**Task:** The listing below is to be duplicated exactly, with every picture omitted.

■ ■ ■ ■

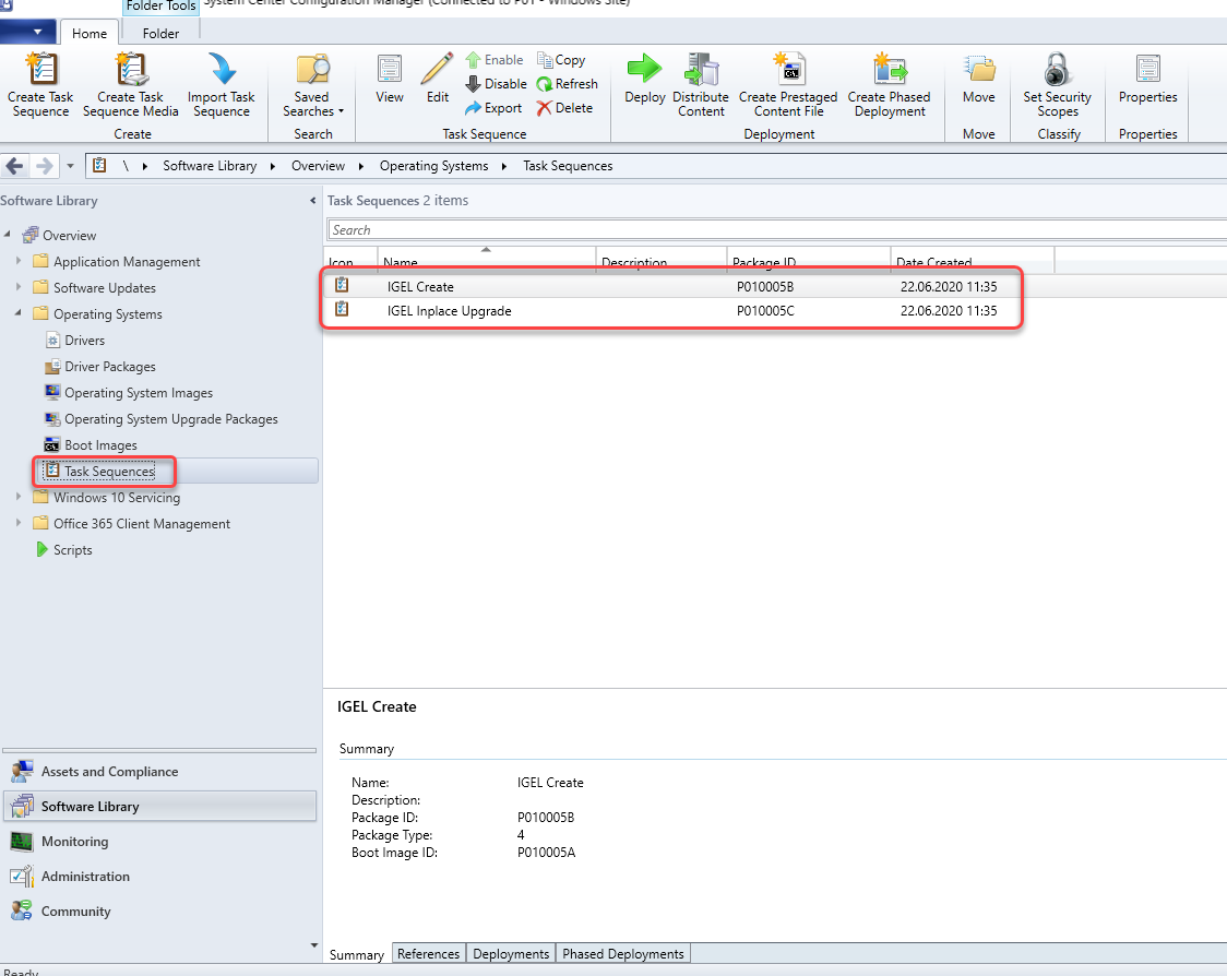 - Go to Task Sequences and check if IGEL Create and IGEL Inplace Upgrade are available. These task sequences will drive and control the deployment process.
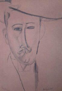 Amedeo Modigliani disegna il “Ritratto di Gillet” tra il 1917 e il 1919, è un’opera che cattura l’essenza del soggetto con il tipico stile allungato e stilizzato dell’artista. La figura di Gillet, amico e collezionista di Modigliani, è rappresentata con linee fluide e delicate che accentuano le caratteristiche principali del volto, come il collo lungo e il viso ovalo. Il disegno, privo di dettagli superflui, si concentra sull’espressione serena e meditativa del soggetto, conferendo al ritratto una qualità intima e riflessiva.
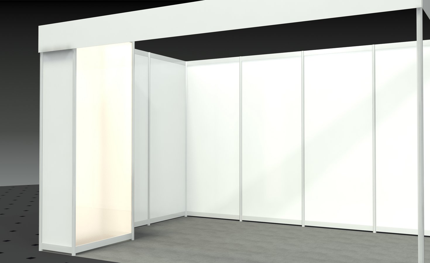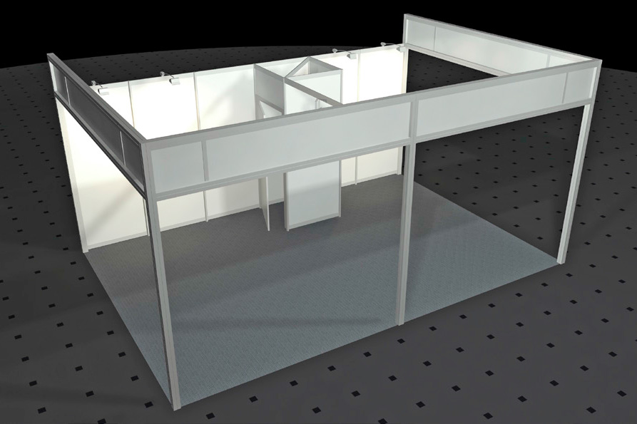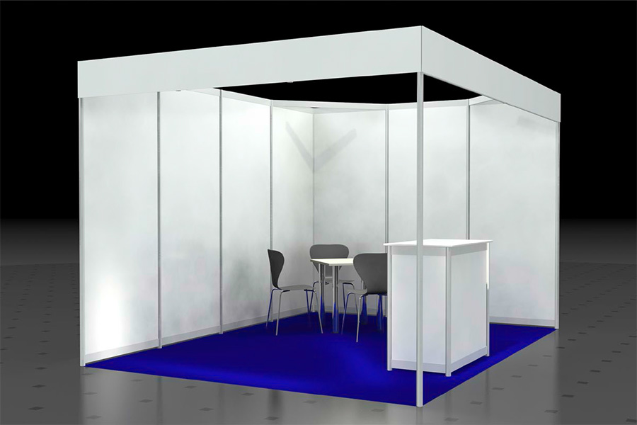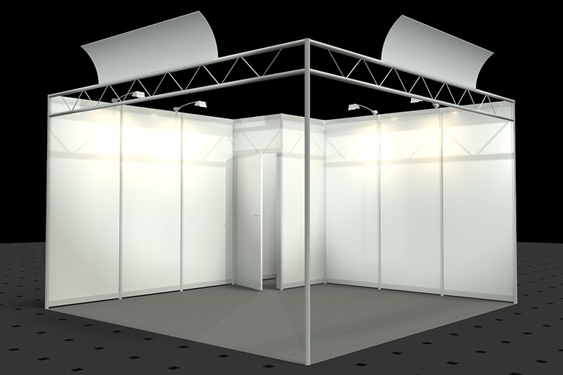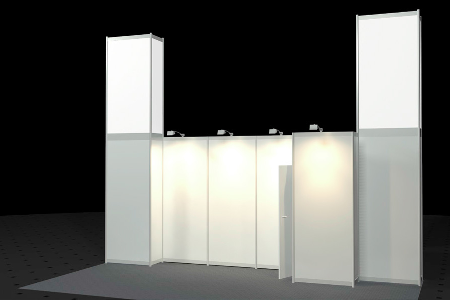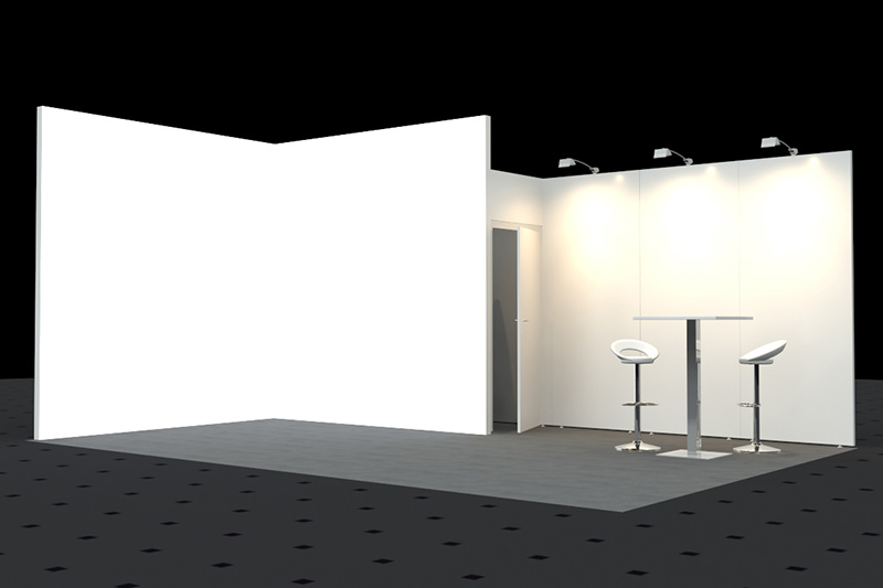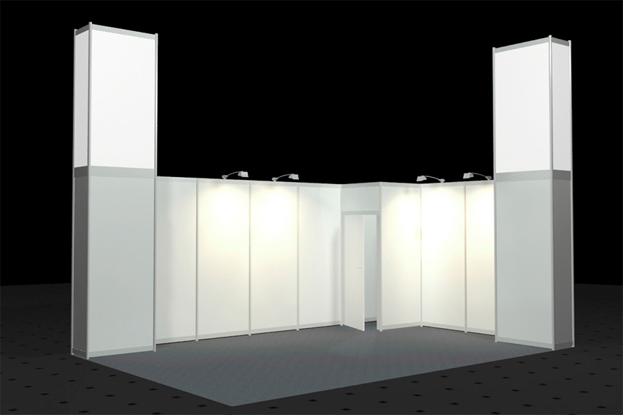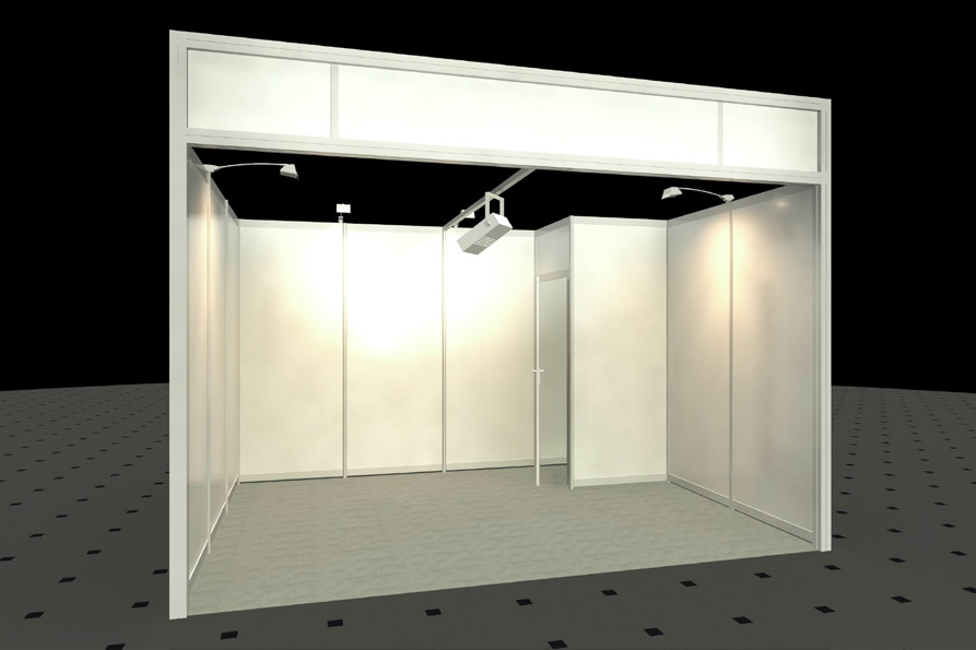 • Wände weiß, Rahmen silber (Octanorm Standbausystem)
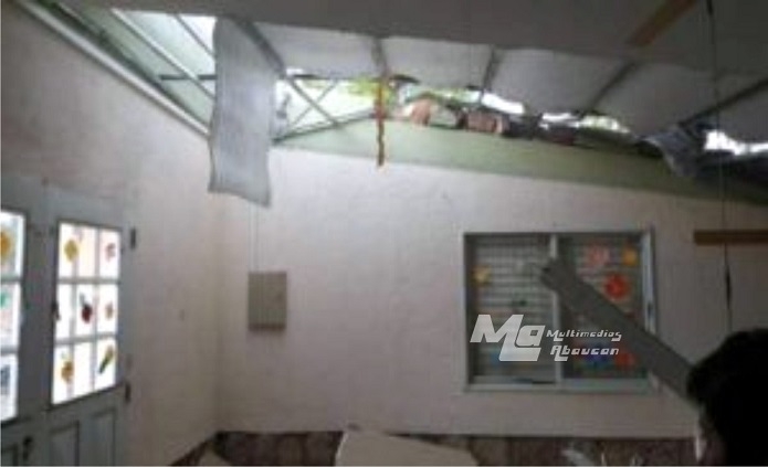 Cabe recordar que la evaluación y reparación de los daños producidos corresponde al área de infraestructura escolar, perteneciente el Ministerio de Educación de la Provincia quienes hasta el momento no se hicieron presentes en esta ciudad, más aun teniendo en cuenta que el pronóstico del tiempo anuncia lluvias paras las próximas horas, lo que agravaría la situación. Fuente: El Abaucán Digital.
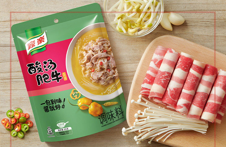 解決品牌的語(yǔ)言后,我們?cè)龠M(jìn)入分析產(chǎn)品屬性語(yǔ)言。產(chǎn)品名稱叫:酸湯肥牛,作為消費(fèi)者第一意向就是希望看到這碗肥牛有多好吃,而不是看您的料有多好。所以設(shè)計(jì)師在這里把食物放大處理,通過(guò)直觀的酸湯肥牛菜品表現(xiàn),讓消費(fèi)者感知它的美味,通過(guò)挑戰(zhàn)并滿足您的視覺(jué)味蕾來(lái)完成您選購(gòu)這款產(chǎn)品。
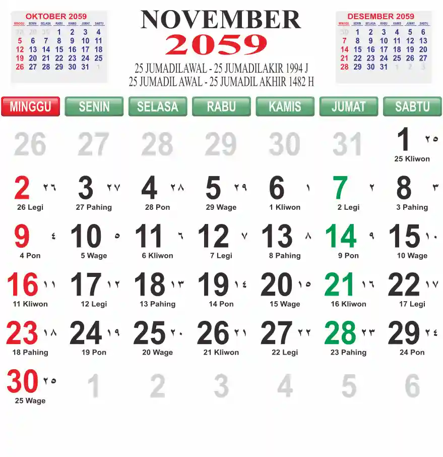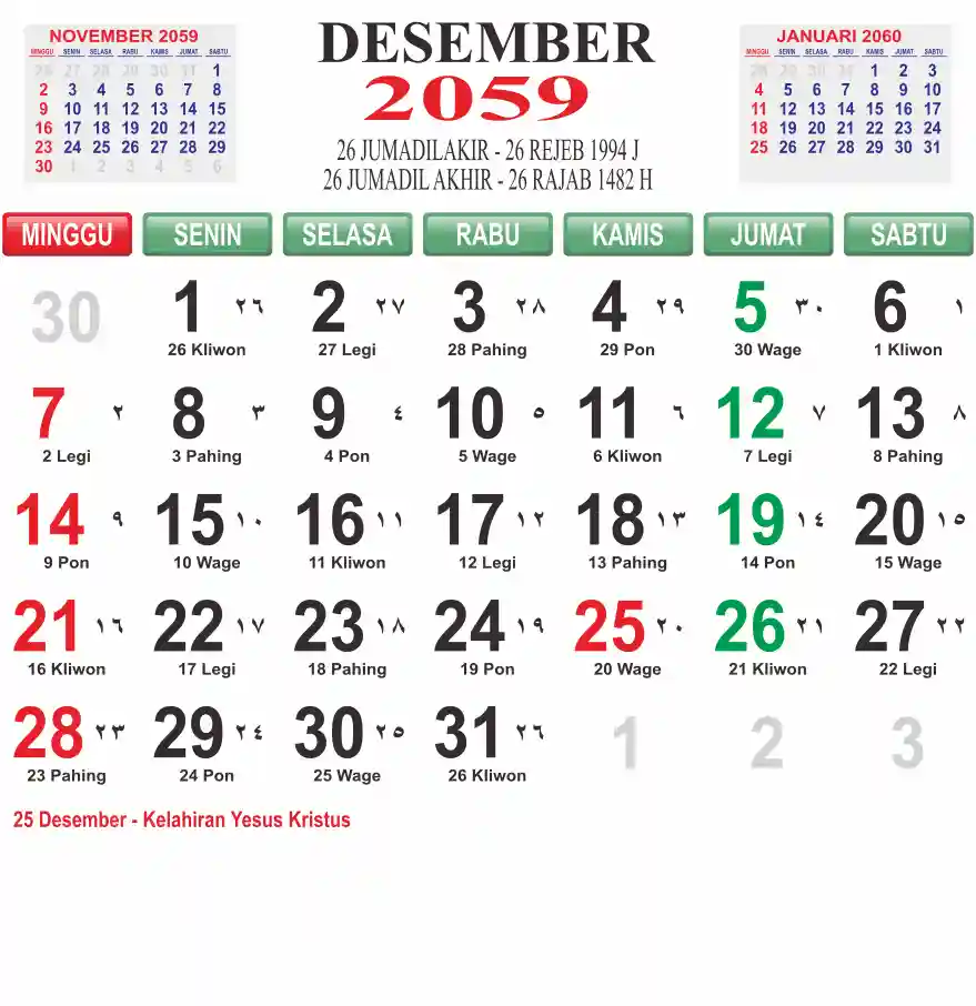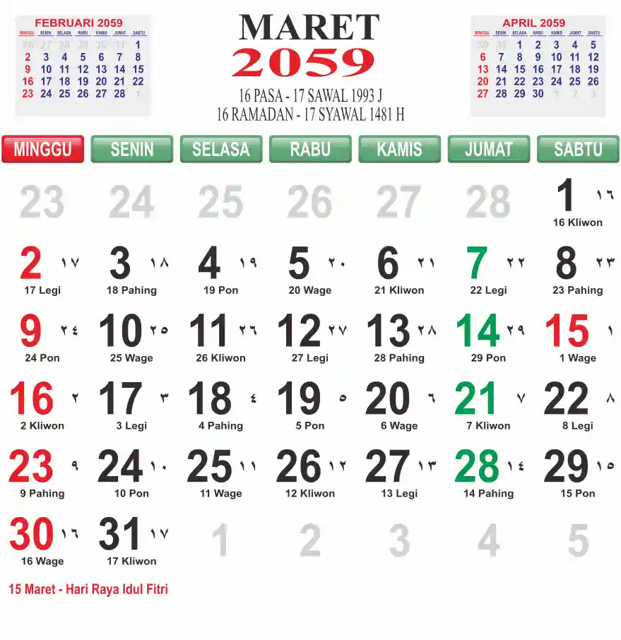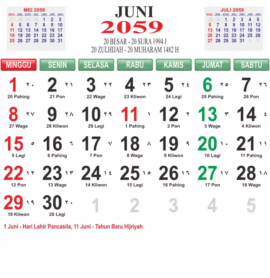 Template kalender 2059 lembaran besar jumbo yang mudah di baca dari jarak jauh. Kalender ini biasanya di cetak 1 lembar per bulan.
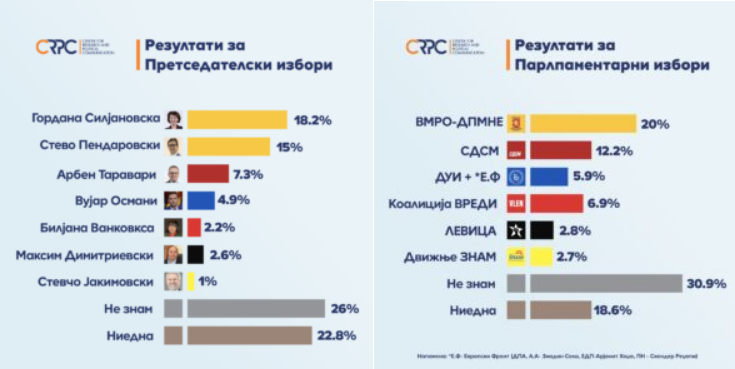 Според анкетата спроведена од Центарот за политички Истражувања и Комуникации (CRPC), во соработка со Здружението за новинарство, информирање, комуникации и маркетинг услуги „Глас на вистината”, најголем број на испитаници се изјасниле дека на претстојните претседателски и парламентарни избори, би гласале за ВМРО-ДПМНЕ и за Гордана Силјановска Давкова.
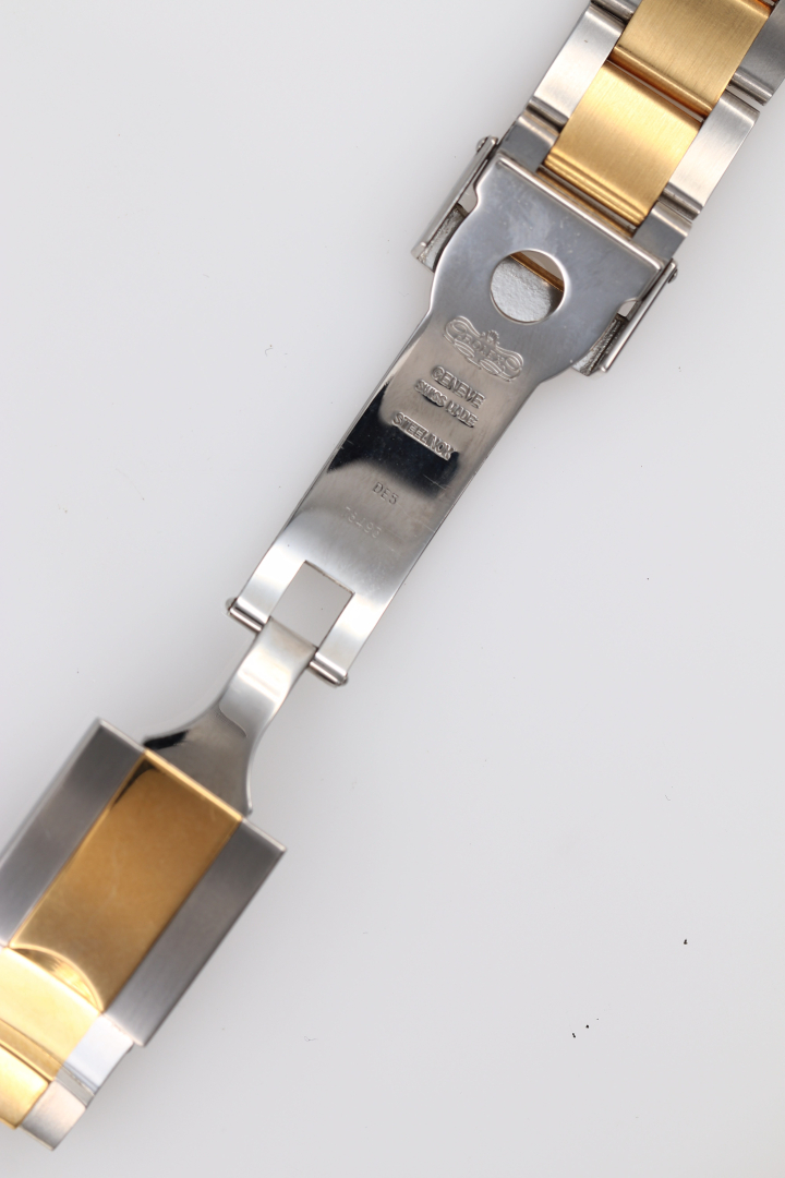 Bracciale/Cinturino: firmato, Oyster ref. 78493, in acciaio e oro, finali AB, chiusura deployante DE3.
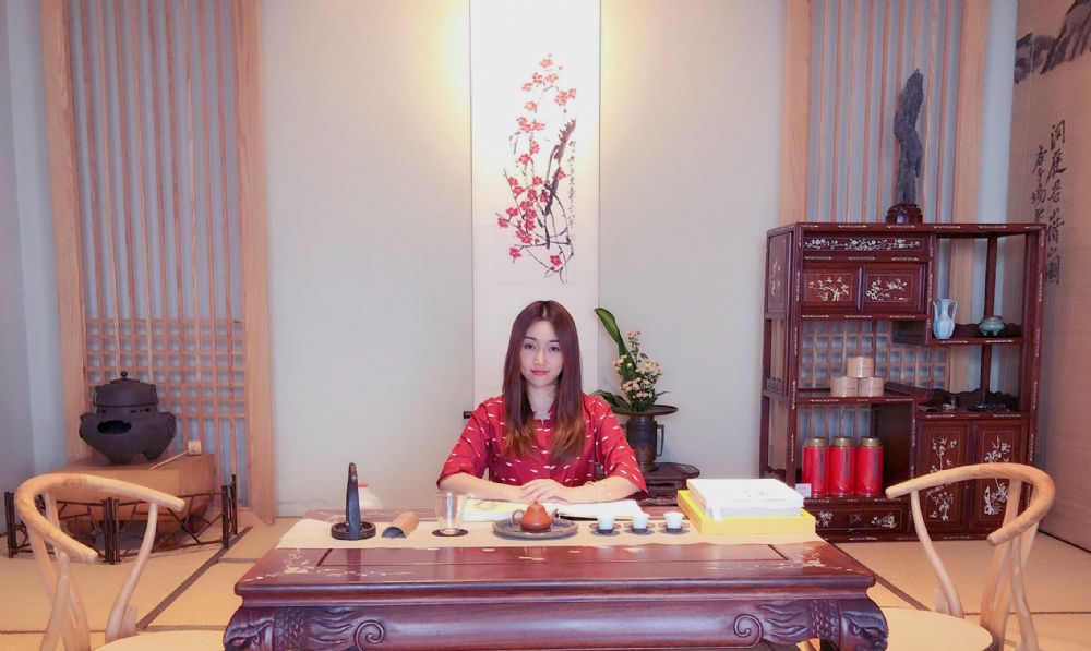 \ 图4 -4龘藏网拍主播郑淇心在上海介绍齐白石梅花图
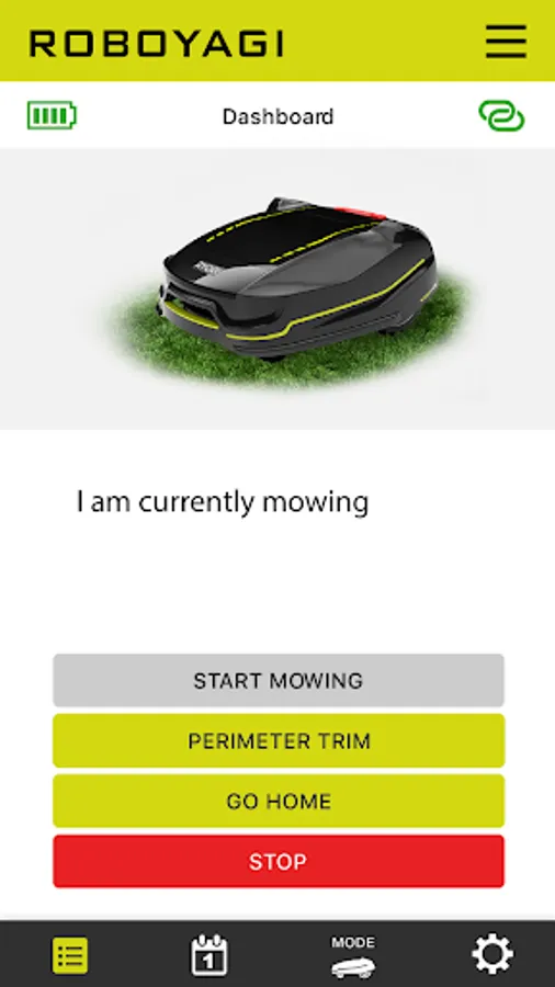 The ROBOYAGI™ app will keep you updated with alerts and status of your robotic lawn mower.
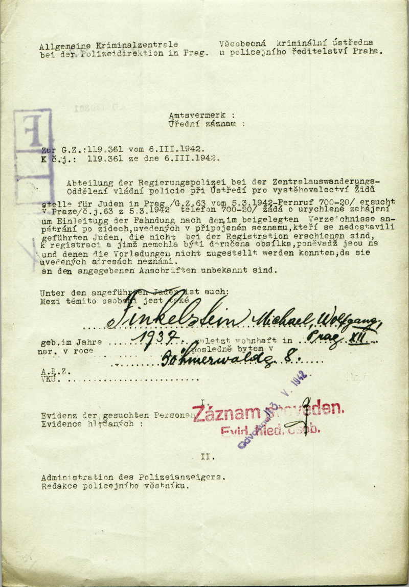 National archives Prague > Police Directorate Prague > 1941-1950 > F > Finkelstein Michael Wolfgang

■ ■ ■ ■

**Response to this task:**
 - Go to Task Sequences and check if IGEL Create and IGEL Inplace Upgrade are available. These task sequences will drive and control the deployment process.
 Amedeo Modigliani disegna il “Ritratto di Gillet” tra il 1917 e il 1919, è un’opera che cattura l’essenza del soggetto con il tipico stile allungato e stilizzato dell’artista. La figura di Gillet, amico e collezionista di Modigliani, è rappresentata con linee fluide e delicate che accentuano le caratteristiche principali del volto, come il collo lungo e il viso ovalo. Il disegno, privo di dettagli superflui, si concentra sull’espressione serena e meditativa del soggetto, conferendo al ritratto una qualità intima e riflessiva.
 • Wände weiß, Rahmen silber (Octanorm Standbausystem)
 Cabe recordar que la evaluación y reparación de los daños producidos corresponde al área de infraestructura escolar, perteneciente el Ministerio de Educación de la Provincia quienes hasta el momento no se hicieron presentes en esta ciudad, más aun teniendo en cuenta que el pronóstico del tiempo anuncia lluvias paras las próximas horas, lo que agravaría la situación. Fuente: El Abaucán Digital.
 解決品牌的語(yǔ)言后,我們?cè)龠M(jìn)入分析產(chǎn)品屬性語(yǔ)言。產(chǎn)品名稱叫:酸湯肥牛,作為消費(fèi)者第一意向就是希望看到這碗肥牛有多好吃,而不是看您的料有多好。所以設(shè)計(jì)師在這里把食物放大處理,通過(guò)直觀的酸湯肥牛菜品表現(xiàn),讓消費(fèi)者感知它的美味,通過(guò)挑戰(zhàn)并滿足您的視覺(jué)味蕾來(lái)完成您選購(gòu)這款產(chǎn)品。
 Template kalender 2059 lembaran besar jumbo yang mudah di baca dari jarak jauh. Kalender ini biasanya di cetak 1 lembar per bulan.
 Според анкетата спроведена од Центарот за политички Истражувања и Комуникации (CRPC), во соработка со Здружението за новинарство, информирање, комуникации и маркетинг услуги „Глас на вистината”, најголем број на испитаници се изјасниле дека на претстојните претседателски и парламентарни избори, би гласале за ВМРО-ДПМНЕ и за Гордана Силјановска Давкова.
 Bracciale/Cinturino: firmato, Oyster ref. 78493, in acciaio e oro, finali AB, chiusura deployante DE3.
 \ 图4 -4龘藏网拍主播郑淇心在上海介绍齐白石梅花图
 The ROBOYAGI™ app will keep you updated with alerts and status of your robotic lawn mower.
 National archives Prague > Police Directorate Prague > 1941-1950 > F > Finkelstein Michael Wolfgang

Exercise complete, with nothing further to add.